# Paying for Pager



## MMiz (Aug 5, 2008)

In my area, I know that every private service requires employees to pay pager fees if they want an alphanumeric pager.  Because radio coverage can be poor at times, the pager is almost an essential tool, but we get charged $6 a month to use it.  

I always thought the fee was kind of ridiculous.  Anyone else have to pay?


----------



## JPINFV (Aug 5, 2008)

I only had to pay if I lost it, but never a monthly fee. If it's essentially required, then the company should be fitting the bill. If not, I guess it's too bad if the ambulance never gets the call. Whats next, requiring employees to provide their own response bag?


----------



## KEVD18 (Aug 5, 2008)

ive only worked for one company that used pagers and they issued them. not only were they at no cost to us, the company also allowed us to use them for personal use. 
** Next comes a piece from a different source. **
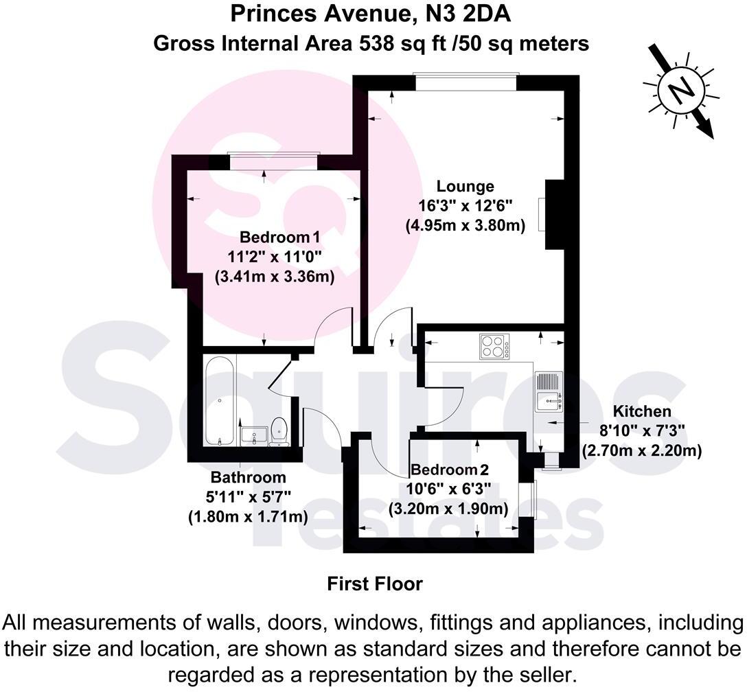 This is a two-bedroom flat located on Princes Avenue in Finchley. The property is listed with Squires Estates. The flat offers 485.19 sqft of living space. The property is located in a good location, with nearby schools and transportation links. The flat appears to be in good condition, with a modern kitchen and bathroom. The asking price of £385,000 seems reasonable when compared to the average property price in the area.

i have a significant personal greivance with any employer that tells me something is required for me to use and then tells me i have to pay for it myself. if its required, you give it to me. if its optional and i want it, i understand getting stuck with the tab.


----------



## MMiz (Aug 5, 2008)

The company says that it's not required, but it's a pain not to have one.  The dispatch information required for calls is on them, but they said we could always look at the MDT to get that information.  It wasn't always easy to walk out to the rig, turn it on, wait for the computer to boot, and copy down the information.


----------



## mikie (Aug 5, 2008)

I do concur that it is kind of ridiculous to pay 'out of pocket'.  I could understand if it was a person who seldomly responded, as it would be almost a waste...but for active members, the department/service/company should provide the means of communications.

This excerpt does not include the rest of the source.